Skip to main content

Channel Router Service — Deployment Topology

Version: 1.0 Status: Draft Owner: Messaging Core + SRE Last Updated: 2026-04-21 Companion: SERVICE_OVERVIEW · SECURITY_MODEL · LOCAL_DEV_SETUP Related ADR: ADR-0004 §5–§6 (multi-region), §11–§12 (sovereignty, mesh identity)


1. Runtime

AspectValue
LanguageTypeScript
RuntimeNode.js 22 LTS
FrameworkNestJS 10 (gRPC + HTTP)
gRPC server@grpc/grpc-js data plane :50071, control plane :50072
HTTP serverFastify on :3071
MetricsPrometheus on :9061 (channel-router); :9062 (chan-mo-router)
Container basegcr.io/distroless/nodejs22-debian12:nonroot
Image registryregistry.ghasi.af/platform/channel-router-service
OS usernonroot (UID 65532)
Health endpoints/health/live, /health/ready

2. Topology — Two Deployments + N OTT-adapter Deployments

Channel-router runs as two distinct workloads for blast-radius isolation:

  1. channel-router — handles RouteWithFallback, REST admin/tenant surface, OTT webhook ingress.
  2. chan-mo-router — handles inbound MO routing (NATS consumer + tenant-webhook delegation to webhook-dispatcher).

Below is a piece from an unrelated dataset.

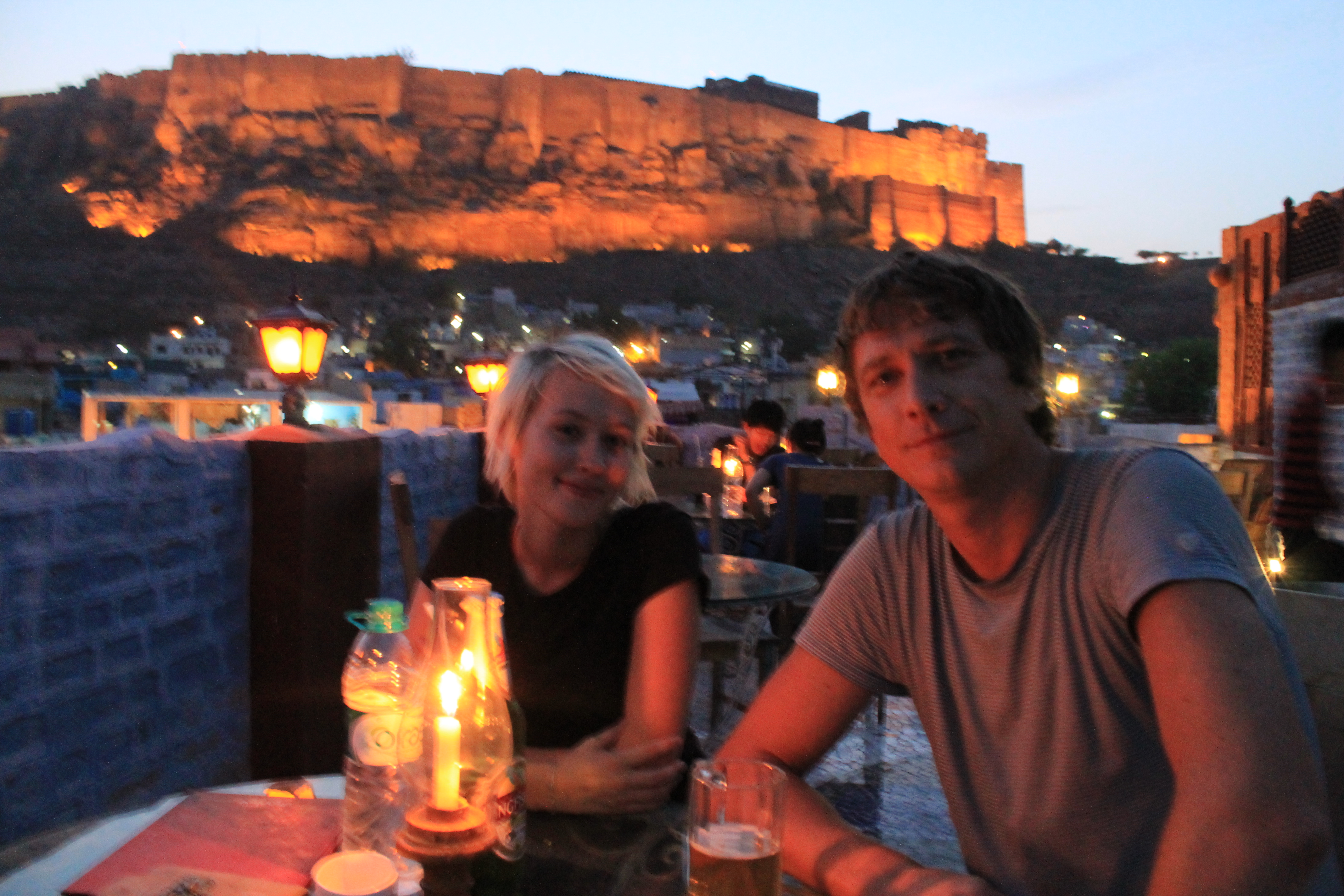 It was pretty late in the evening when we arrived by bus to Jodhpur (AKA Blue City). We checked in at Shivam Paying Guesthouse, which sits just at the bottom of Mehrangarh Fort’s walls, and were greeted with a smile by a young guy (the only one of the bunch who smiled at all). He took us to our already-paid-for room, but after discovering the ceiling fan didn’t work, he upgraded us to a pretty swanky room – much to the dismay of his boss who we heard shouting at him outside. I’d love to say that we had a good night’s sleep in here, but I was up all night taking cold showers, then laying down, then I’d heat up after 10 minutes and do the same thing… I was pretty knackered the next day! The guesthouse restaurant upstairs provides a good view of the tower clock which lights up in the evening and changes colour, in front of a colourful firework display.

Plus separate Deployments per OTT adapter so provider-specific issues do not drain shared pools:

  1. chan-adapter-whatsapp — pinned to nodes with WhatsApp-allow-listed egress IP.
  2. chan-adapter-telegram.
  3. chan-adapter-viber.
  4. chan-adapter-voice — gRPC client to Voice OTP gateway.
  5. chan-adapter-email — SMTP egress from dedicated mail IP pool.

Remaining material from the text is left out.